__Exercise__
Please return only the lines from the one holding "Intro Plus Size" through the one holding "生活用品  > 浴室用品  > 浴室置物架", exactly as they appear in the records below, both ends included.

__Recorded information__
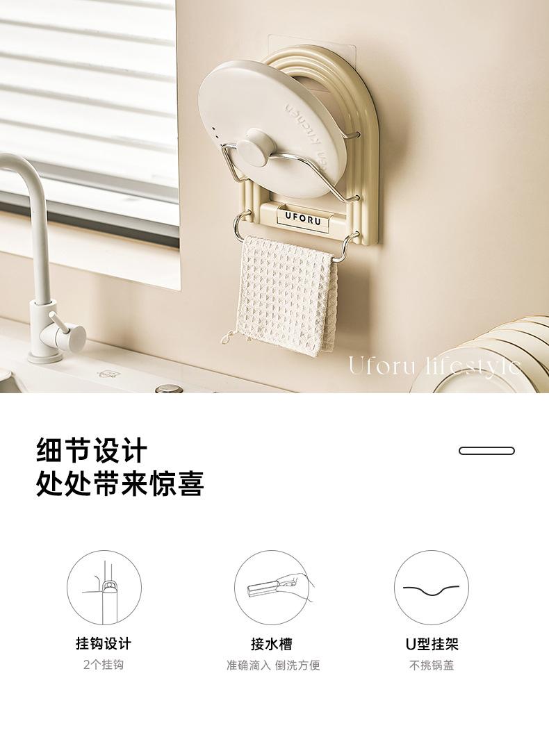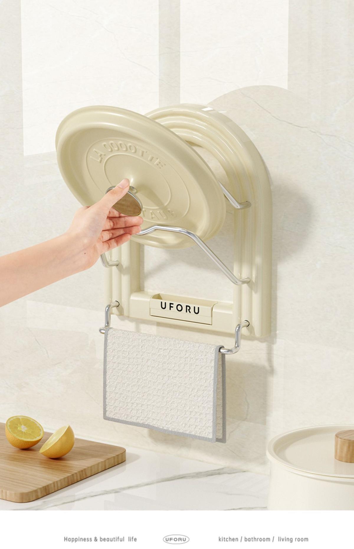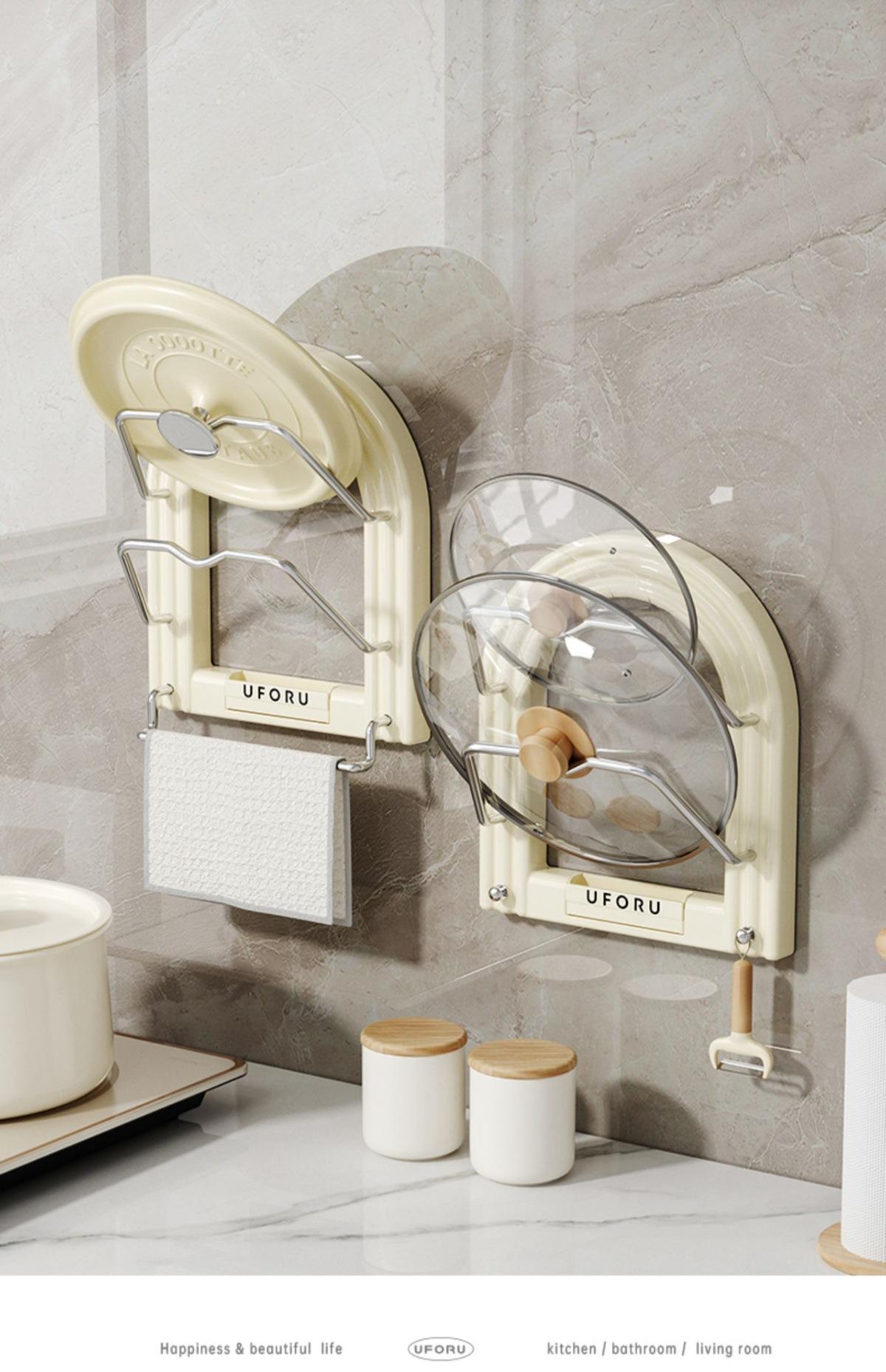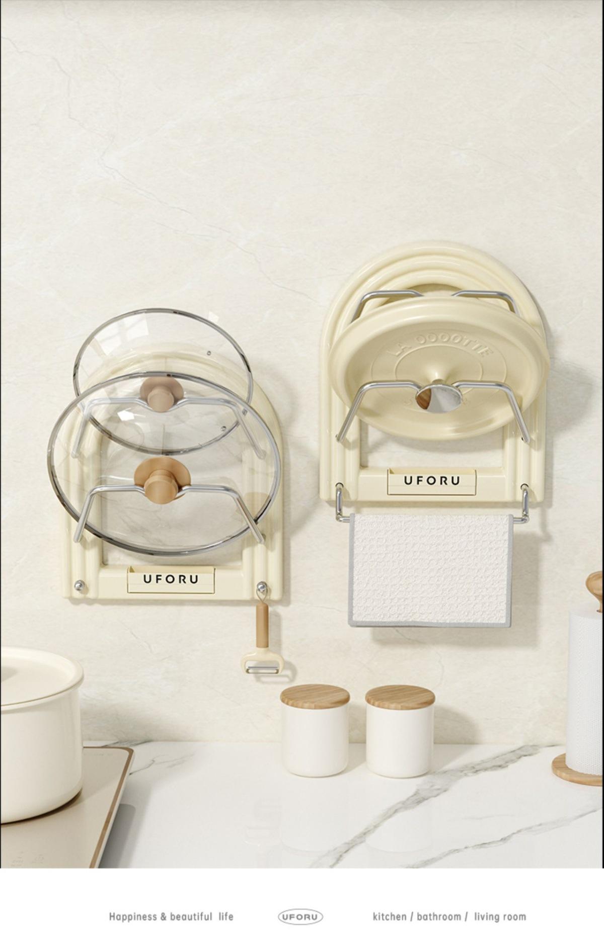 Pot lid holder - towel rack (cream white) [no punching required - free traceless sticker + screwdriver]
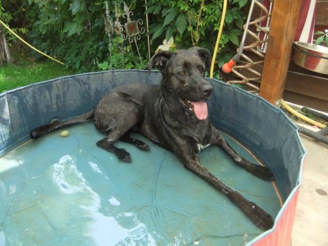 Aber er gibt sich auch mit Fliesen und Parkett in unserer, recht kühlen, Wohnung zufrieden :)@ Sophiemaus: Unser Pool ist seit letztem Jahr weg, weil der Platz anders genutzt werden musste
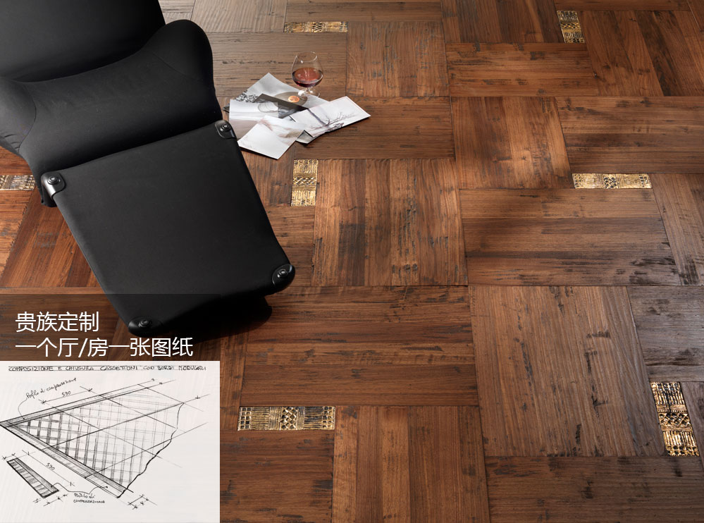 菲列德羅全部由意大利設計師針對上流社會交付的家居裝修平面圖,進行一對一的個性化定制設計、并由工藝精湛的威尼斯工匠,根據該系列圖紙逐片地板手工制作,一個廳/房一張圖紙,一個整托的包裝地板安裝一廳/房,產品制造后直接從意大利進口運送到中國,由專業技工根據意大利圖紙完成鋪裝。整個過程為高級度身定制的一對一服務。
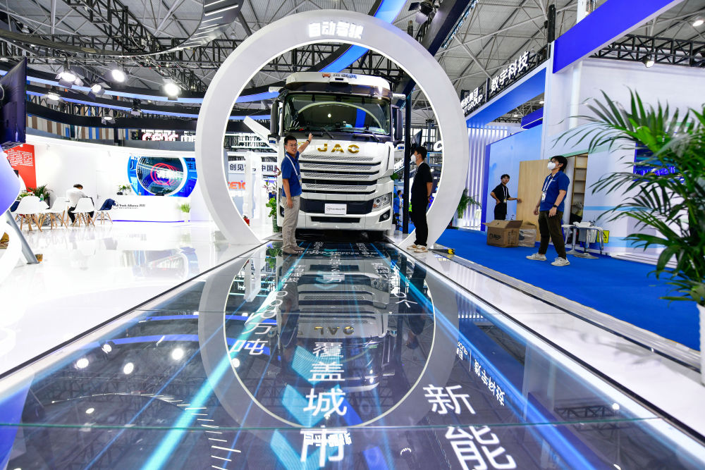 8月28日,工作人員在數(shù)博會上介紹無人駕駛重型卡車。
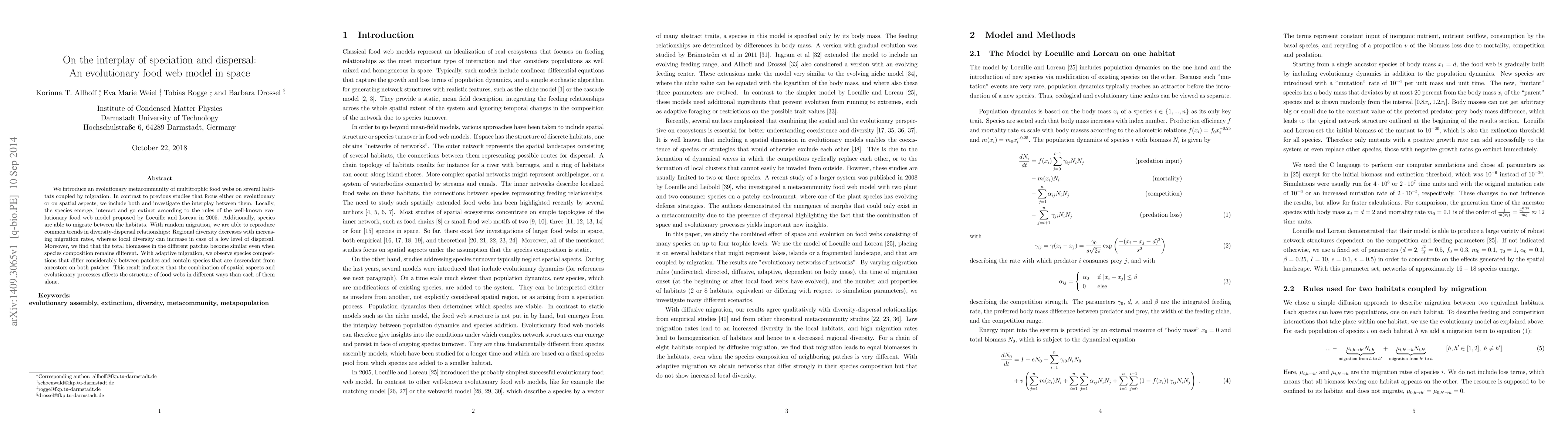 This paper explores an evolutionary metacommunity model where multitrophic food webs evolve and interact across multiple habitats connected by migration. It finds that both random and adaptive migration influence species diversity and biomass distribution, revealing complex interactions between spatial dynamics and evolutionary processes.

* * *

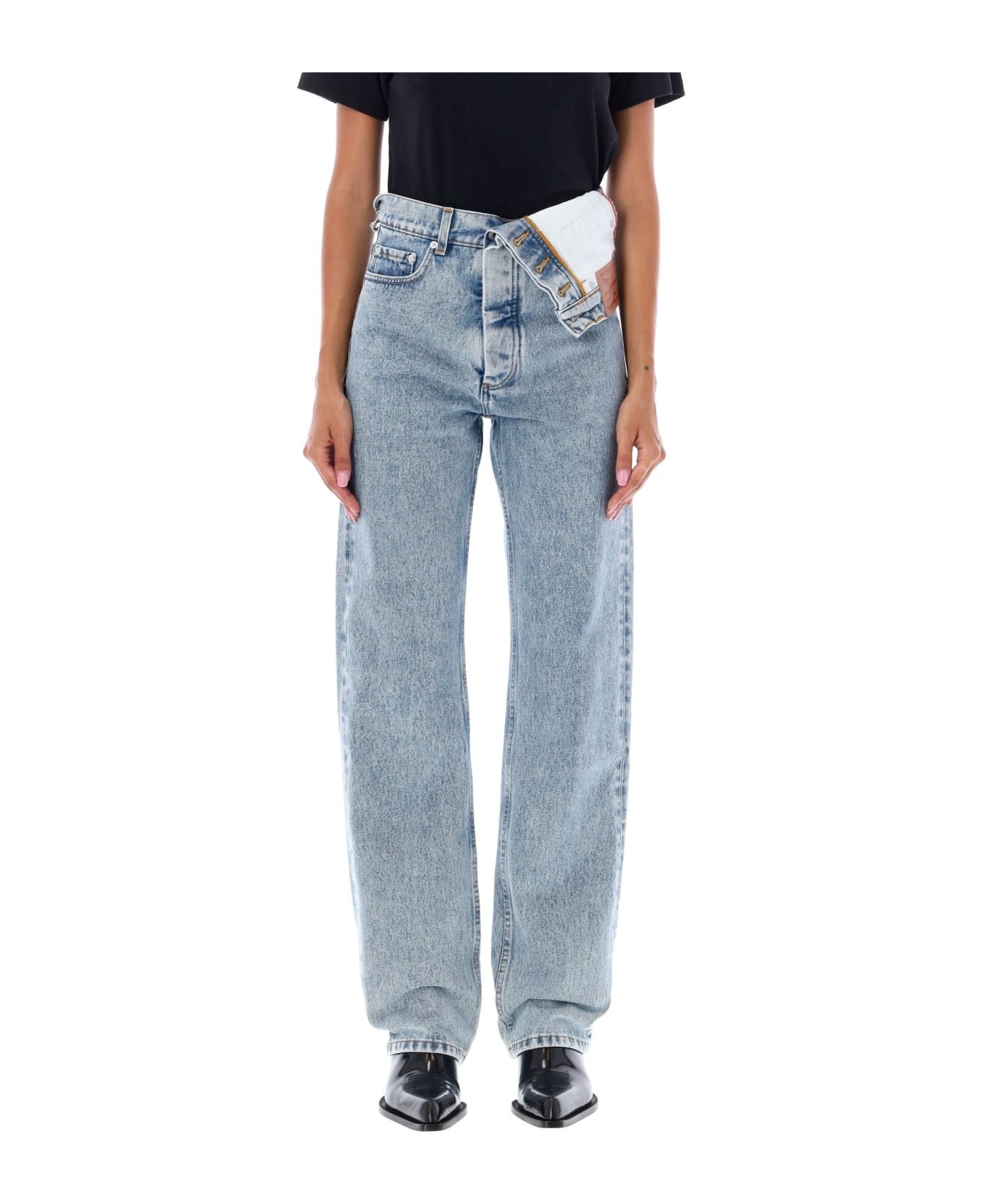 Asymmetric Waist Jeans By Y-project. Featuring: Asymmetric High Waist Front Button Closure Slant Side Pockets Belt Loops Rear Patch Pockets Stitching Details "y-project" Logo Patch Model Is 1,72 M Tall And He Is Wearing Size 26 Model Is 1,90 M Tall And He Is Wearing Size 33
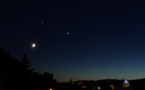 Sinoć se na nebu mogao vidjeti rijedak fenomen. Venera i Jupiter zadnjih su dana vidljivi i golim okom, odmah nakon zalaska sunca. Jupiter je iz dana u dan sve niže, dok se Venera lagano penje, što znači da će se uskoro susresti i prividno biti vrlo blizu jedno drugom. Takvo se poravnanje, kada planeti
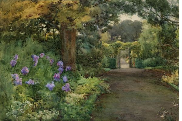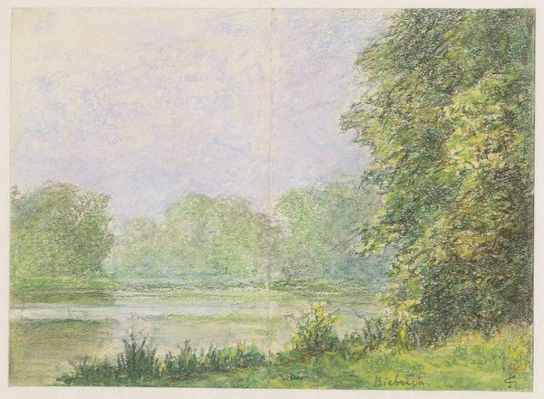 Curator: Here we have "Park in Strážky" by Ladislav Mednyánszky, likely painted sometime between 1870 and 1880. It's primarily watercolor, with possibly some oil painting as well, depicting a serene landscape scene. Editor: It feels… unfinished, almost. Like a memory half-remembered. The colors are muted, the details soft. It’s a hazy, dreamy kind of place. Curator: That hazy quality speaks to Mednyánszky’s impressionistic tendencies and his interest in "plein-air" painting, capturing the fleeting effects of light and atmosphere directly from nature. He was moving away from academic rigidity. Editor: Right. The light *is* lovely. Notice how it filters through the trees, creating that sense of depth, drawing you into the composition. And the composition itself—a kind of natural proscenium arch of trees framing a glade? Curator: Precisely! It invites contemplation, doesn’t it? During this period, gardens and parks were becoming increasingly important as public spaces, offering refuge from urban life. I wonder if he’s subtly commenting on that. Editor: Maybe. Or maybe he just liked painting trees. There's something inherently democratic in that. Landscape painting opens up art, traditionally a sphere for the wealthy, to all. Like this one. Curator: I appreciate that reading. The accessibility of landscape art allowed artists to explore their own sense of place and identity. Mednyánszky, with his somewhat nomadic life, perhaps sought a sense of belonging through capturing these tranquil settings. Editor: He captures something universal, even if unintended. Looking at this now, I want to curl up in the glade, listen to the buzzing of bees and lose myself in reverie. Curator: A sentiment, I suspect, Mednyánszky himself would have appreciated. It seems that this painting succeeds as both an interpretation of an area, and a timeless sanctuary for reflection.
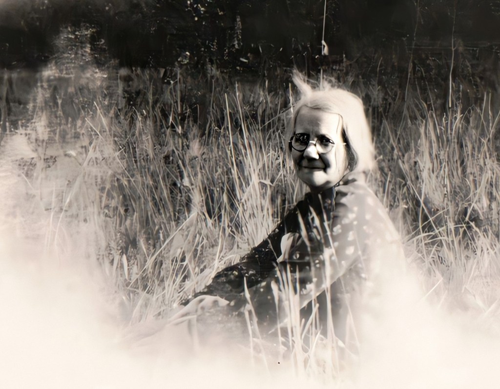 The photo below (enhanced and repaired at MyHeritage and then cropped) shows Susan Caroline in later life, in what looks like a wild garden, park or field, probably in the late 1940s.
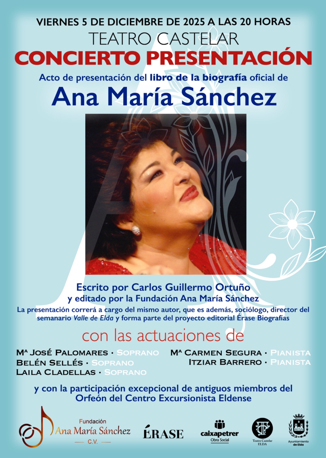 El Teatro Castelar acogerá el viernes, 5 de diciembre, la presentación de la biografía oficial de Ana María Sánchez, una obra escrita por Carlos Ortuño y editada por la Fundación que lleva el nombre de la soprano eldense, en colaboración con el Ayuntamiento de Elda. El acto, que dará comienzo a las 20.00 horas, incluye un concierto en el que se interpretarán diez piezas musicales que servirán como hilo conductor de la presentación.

--

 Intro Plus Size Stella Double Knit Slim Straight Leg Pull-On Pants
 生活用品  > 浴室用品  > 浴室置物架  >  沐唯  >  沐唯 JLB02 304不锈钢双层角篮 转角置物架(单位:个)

__Finished task__
 Intro Plus Size Stella Double Knit Slim Straight Leg Pull-On Pants
 生活用品  > 浴室用品  > 浴室置物架  >  沐唯  >  沐唯 JLB02 304不锈钢双层角篮 转角置物架(单位:个)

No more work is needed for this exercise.